Fifty-five years after its debut in 1942, I began reading Archie Comics, quite simply because my brother did. Unbeknownst to me, this is where my feminist journey began. My best friend and I played “Betty and Veronica” every lunch hour for years. They were our icons and to a certain extent, we really believed we were them! It was not lost on us, that two young, ethnic minority girls from a middle-class neighbourhood were playing the roles of a spoiled upper-class rich girl and her white, blonde and blue-eyed best friend. Perhaps this was part of the fantasy. The glorious elementary playground was the Lodge luxurious yacht where we would slide down into exotic beach sands and sunbathe on the monkey bars. Those were the days, I tell ya.

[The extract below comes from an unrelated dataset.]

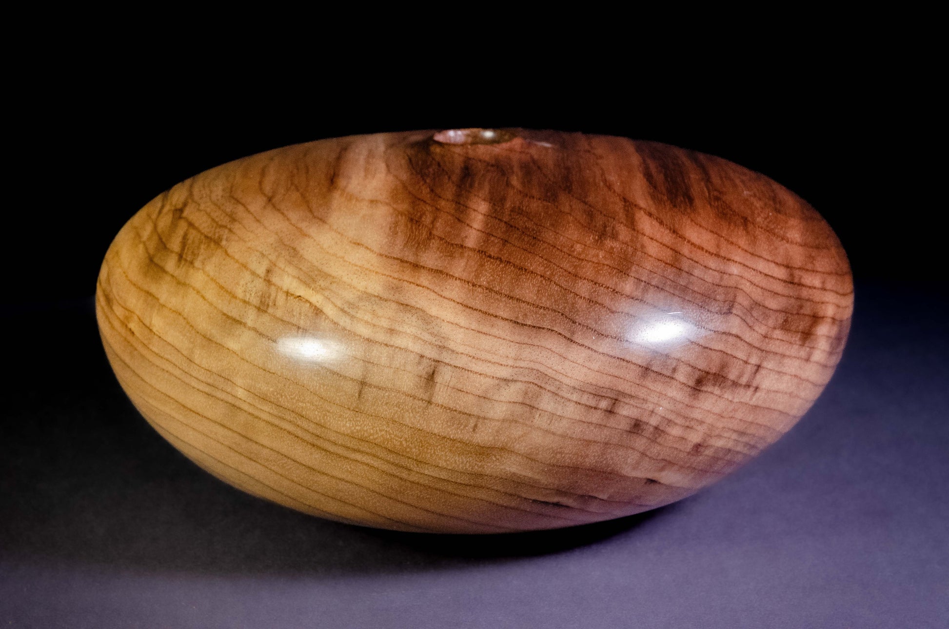This vessel shows off the curly structure and chatoyance of the grain in this piece of myrtle wood. The piece is 8" diameter by 4" tall.

At the grocery store, my mom would only slightly hesitate at the check out at the request to purchase the new coveted Archie comic. She thought this to be much better than a chocolate bar. As soon as she said yes, I’d begin reading it at the checkout. I would pause for the cashier to scan it, then continue reading it, walking into doors on our way out.
The main premise is that Archie and his two gal-pals, Betty and Veronica, are in an exhausting, love triangle. Most of my childhood weekends were spent watching Bollywood movies with my grandparents so perhaps this is why I was drawn to this narrative? Minus the song and dance, Archie comics were the epitome of every 90’s Bollywood movie – the classic love triangle between the sweet and simple versus the snooty and wealthy.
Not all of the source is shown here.